[Data to examine]
______
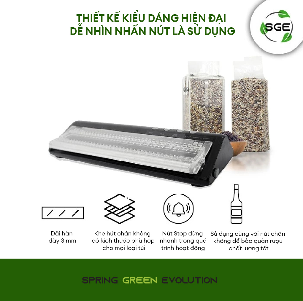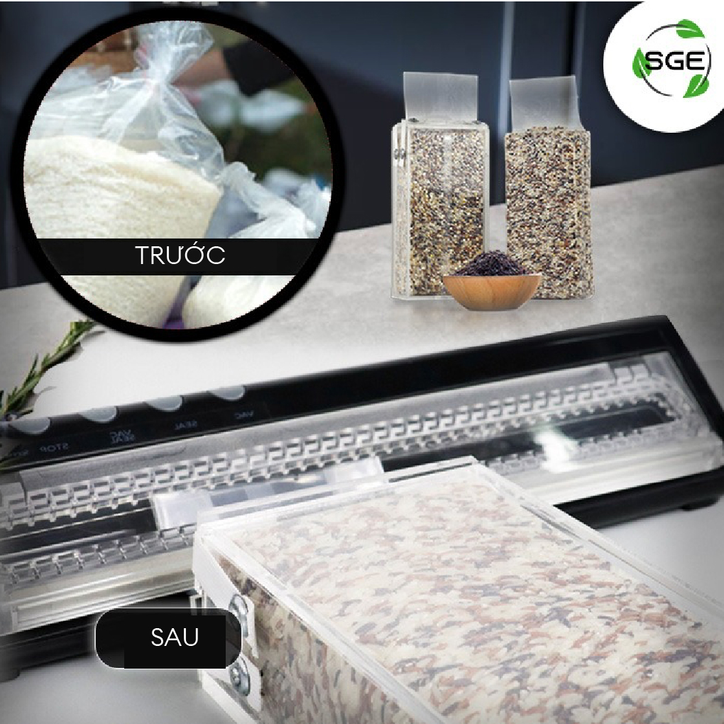 - Được làm bằng vật liệu EVA chất lượng tốt, chắc chắn. MÁY HÚT CHÂN KHÔNG CẦM TAY GIA ĐÌNH VCX Máy hút chân không gia đình VCX – đỉnh cao công nghệ bảo quản thực phẩm. Máy có chức năng loại bỏ không khí khỏi bao bì thực phẩm, làm cho một số vi sinh vật trong thực phẩm ngừng phát triển (thực phẩm sẽ bị hư hỏng chậm hơn) và giảm không gian lưu trữ cũng như kiểm soát mùi hôi. Có thể kéo dài tuổi thọ sản phẩm lâu hơn. Ngoài việc được sử dụng rộng rãi trong ngành công nghiệp thực phẩm, máy hút chân không cfon được sử dụng trong ngành công nghiệp phụ tùng, thiết bị điện tử (để chống gỉ hoặc mòn do tiếp xúc với không khí) VIDEO GIỚI THIỆU SẢN PHẨM MÁY HÚT CHÂN KHÔNG MINI VCX VIDEO GIỚI THIỆU SẢN PHẨM MÁY HÚT CHÂN KHÔNG MINI VCX Máy hàn hút chân không VCX được thiết kế mạnh mẽ hơn nhưng vẫn giữ được sự đơn giản để có thể di chuyển dễ dàng. Máy có thể hoạt động liên tục nhiều giờ hơn so với dòng máy nhỏ. Thiết kế dễ sử dụng, mặt trước trong suốt để người dùng có thể sắp xếp miệng túi cho đẹp và dễ làm việc hơn. Đặc biệt máy được trang bị nút dừng khẩn cấp khi đang sử dụng. Các tính năng bổ sung của máy hút chân không VCX Máy không có hệ thống lưỡi hút nên chỉ sử dụng được với túi mặt nhám. Tuy nhiên dòng máy này có thể đóng gói cả đồ khô và đồ ướt cũng như có thể hàn miệng túi mà không cần hút chân không. Máy còn có thể được dùng để đóng gói túi gạo acrylic chắc chắn và đẹp mắt. KÍCH THƯỚC THỰC TẾ THÔNG SỐ KỸ THUẬT MÁY HÚT CHÂN KHÔNG MINI VCX Máy hút chân không mini VCX được thiết kế mạnh mẽ hơn nhưng vẫn giữ được sự đơn giản và tiện dụng. Ngoài ra, nắp máy ở mặt trước trong suốt cho phép người dùng có thể quan sát khi xếp miệng túi, giúp đóng gói bao bì đẹp mắt hơn. Do máy hút chân không mini không dùng hệ thống lưỡi hút nên chỉ có thể được sử dụng được với túi hút chân không một mặt nhám. Tuy nhiên, máy lại có thể hút chân không đối với cả sản phẩm khô và ướt. Hơn nữa, máy còn có thể hàn miệng túi riêng biệt mà không cần phải hút chân không. Đặc biệt, máy sử dụng được với cả hộp Acrylic đóng gói gạo để tạo ra các bao bì rất thẩm mỹ. Xem thêm về bao bì . Ngoài ra, nếu nhu cầu bảo quản thực phẩm lớn hơn và thường xuyên hơn, xin giới thiệu sản phẩm . THÔNG SỐ KỸ THUẬT MÁY HÚT CHÂN KHÔNG MINI VCX ĐẶC ĐIỂM NỔI BẬT MÁY HÚT CHÂN KHÔNG VCX Máy hút chân không có thể đóng gói tất cả các loại thực phẩm, kéo dài tuổi thọ gấp 10 lần Máy đóng gói hút chân không chất lượng cao, giá cả phải chăng, có thể đóng gói túi gạo một cách hoàn hảo. Nắp acrylic dày trong suốt, dễ dàng sắp xếp túi. Có thể được sử dụng cùng với nút chân không để bảo quản rượu chất lượng tốt Dùng với bình hút chân không để tiết kiệm và có thể tái sử dụng. Các nút chức năng có thể điều chỉnh cho phù hợp theo nhu cầu. Khóa nắp chắc chắn để quá trình hàn tốt và nhanh hơn Khe hút chân không có kích thước phù hợp cho mọi loại túi MÁY HÚT CHÂN KHÔNG SGE TỐT NHƯ NÀO?
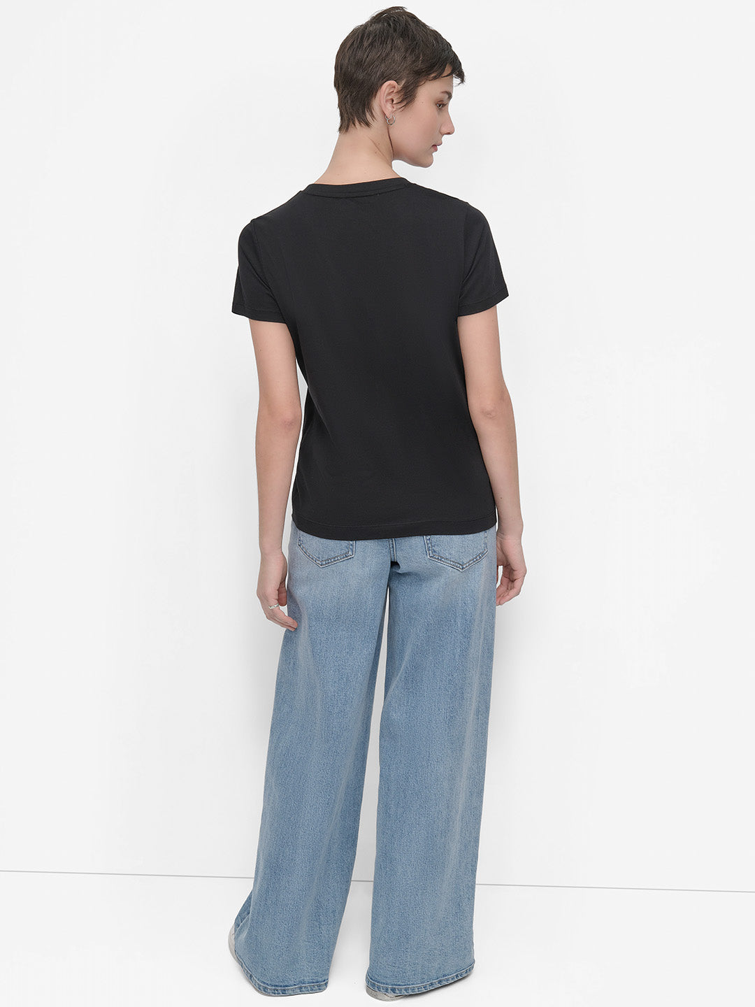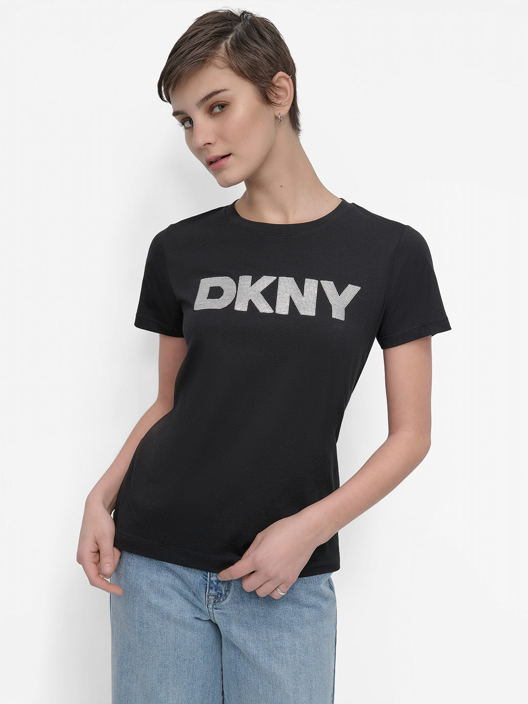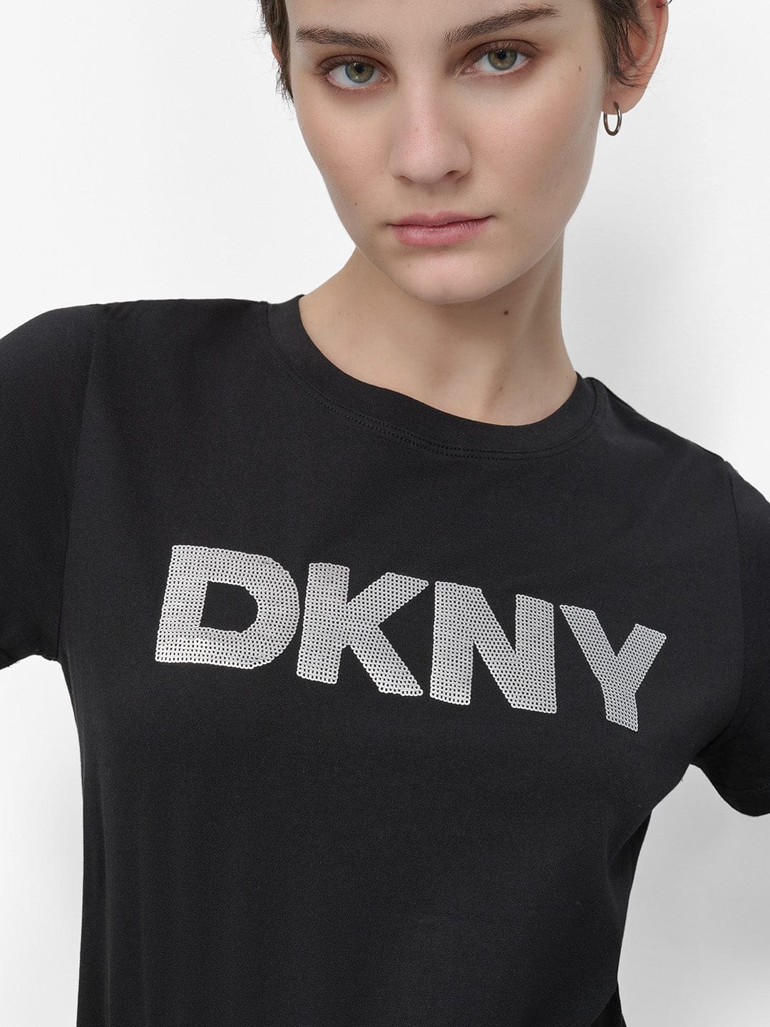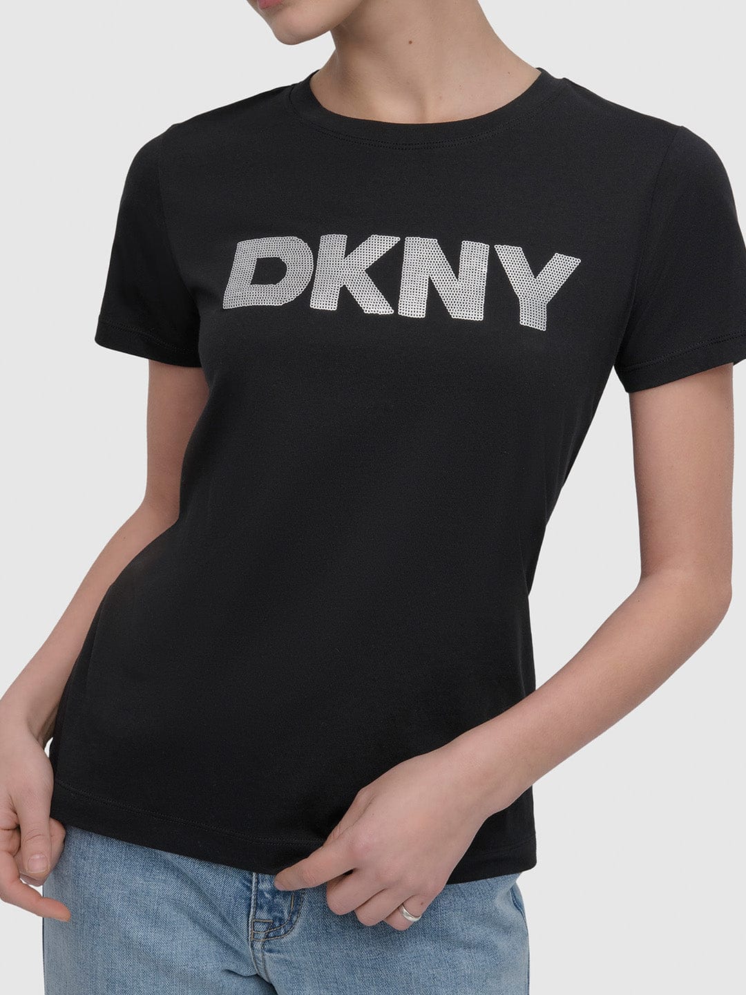 Discover the perfect blend of comfort and style with our women's black t-shirt. Crafted from a premium cotton blend fabric, this regular fit tee offers a soft touch and breathable wear. Featuring a classic round neck and short sleeves, it's designed for everyday ease with a convenient pull-on closure. The solid pattern is elevated by a chic sequin logo, adding a touch of sparkle to your look. Its stretchable material ensures a flattering fit that moves with you, making it an ideal choice for both casual outings and relaxed weekends. Embrace effortless elegance with this versatile wardrobe staple.
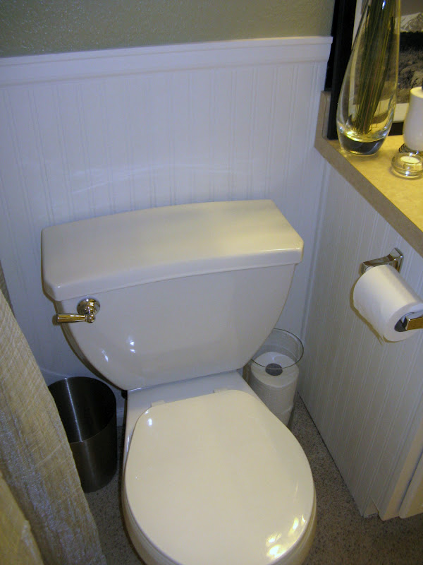 That is an absolutely FABULOUS make-over. I love the colors you used. In fact, I love them so much, I’ve used something similar in my own bathroom make over that still is not finished (since November 2009). Not a joke, just a testament to me being lazy, I guess. The black and white, the cream and beigey-tan accents and the wall color (I call it wet sand or peanut butter, depending on my mood), it’s clean and classic. LOVE the bead-board wallpaper. Your guests will be very happy in this bathroom. What an excellent re-do! Thanks so much for the added inspiration/impetus I need to get mine finished now.
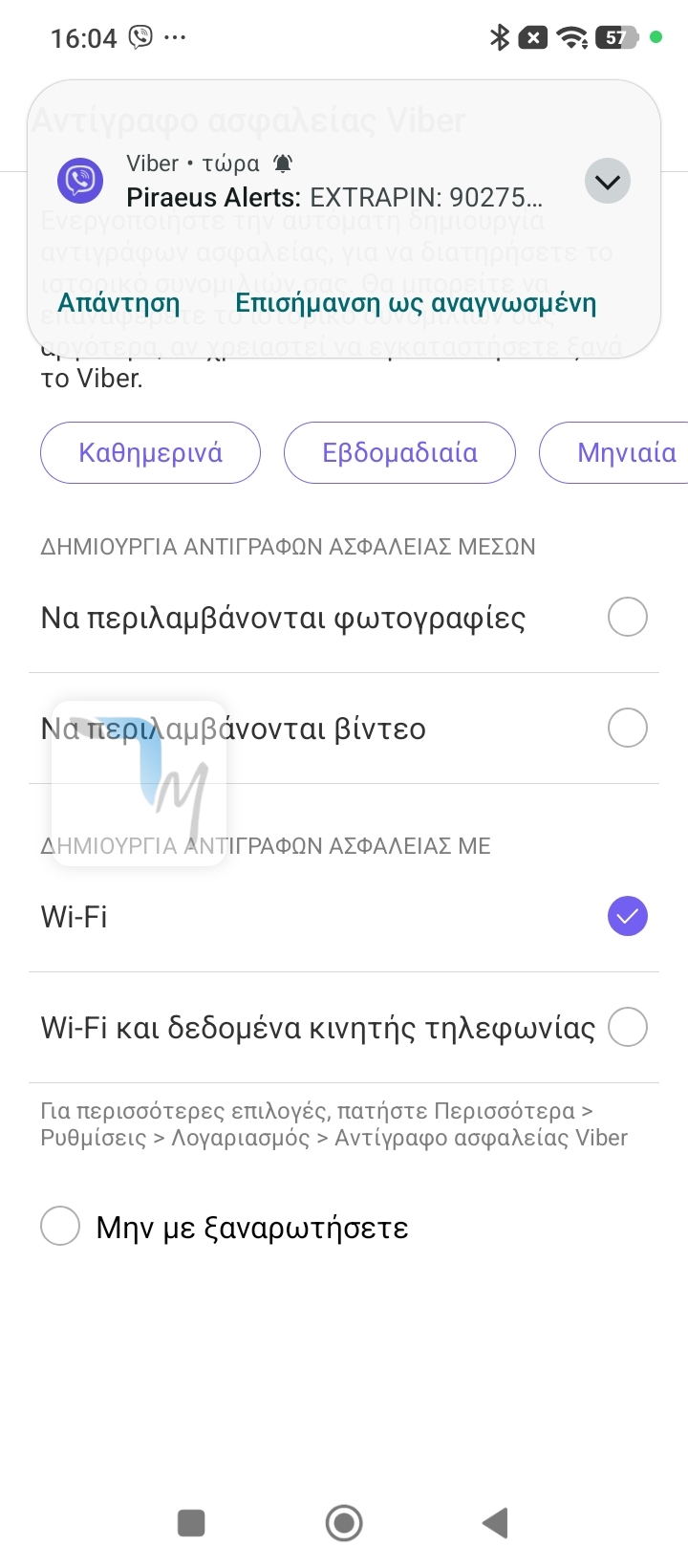 Ωστόσο, ήθελα να μου στείλει extra PIN για να το επιβεβαιώσουμε ακόμη μια φορά σε κινητό που έχουμε βγάλει τη SIM και υπάρχει μέσα το Viber.
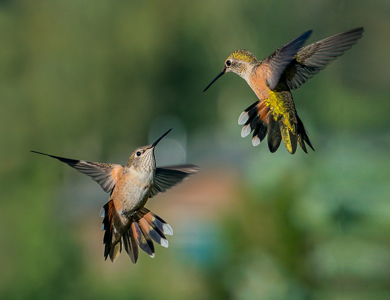 Fight for the Feeder – A Broadtail hummingbird defends its territory while another broadtail tries to invade its space. Silverthorne, Colorado.
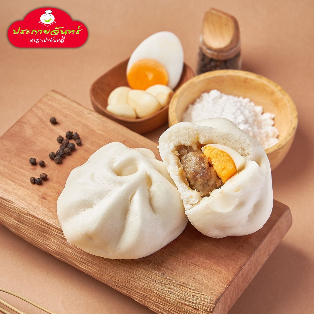 ซาลาเปาไส้หมูแดง หมูสับ หมูค้อง ผักรวม พายไก่ ครีม สังขยาใบเตยสด หรือ มันม่วงแปะก๊วย
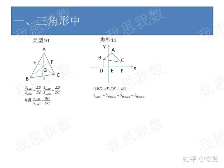 本文介绍了11种类型的三角形面积问题。其中求一个三角形的面积的思路有:1、底乘以高除以2。2、两边与夹角正弦乘积再除以2。3、分割出两个或三个三角形求面积和(见类型3、类型4)。4、利用底和高之间的关系(见类型1)。5、利用相似三角形面积比等于对应边之比的平方(类型6)。6、利用割补法求面积(类型11)。
______
[Exercise aim] Reproduce exactly the lines above from the one with "That is an absolutely" through the last line of the data, keeping both ends and dropping the pictures.

[Task output]
 That is an absolutely FABULOUS make-over. I love the colors you used. In fact, I love them so much, I’ve used something similar in my own bathroom make over that still is not finished (since November 2009). Not a joke, just a testament to me being lazy, I guess. The black and white, the cream and beigey-tan accents and the wall color (I call it wet sand or peanut butter, depending on my mood), it’s clean and classic. LOVE the bead-board wallpaper. Your guests will be very happy in this bathroom. What an excellent re-do! Thanks so much for the added inspiration/impetus I need to get mine finished now.
 Ωστόσο, ήθελα να μου στείλει extra PIN για να το επιβεβαιώσουμε ακόμη μια φορά σε κινητό που έχουμε βγάλει τη SIM και υπάρχει μέσα το Viber.
 Fight for the Feeder – A Broadtail hummingbird defends its territory while another broadtail tries to invade its space. Silverthorne, Colorado.
 ซาลาเปาไส้หมูแดง หมูสับ หมูค้อง ผักรวม พายไก่ ครีม สังขยาใบเตยสด หรือ มันม่วงแปะก๊วย
 本文介绍了11种类型的三角形面积问题。其中求一个三角形的面积的思路有:1、底乘以高除以2。2、两边与夹角正弦乘积再除以2。3、分割出两个或三个三角形求面积和(见类型3、类型4)。4、利用底和高之间的关系(见类型1)。5、利用相似三角形面积比等于对应边之比的平方(类型6)。6、利用割补法求面积(类型11)。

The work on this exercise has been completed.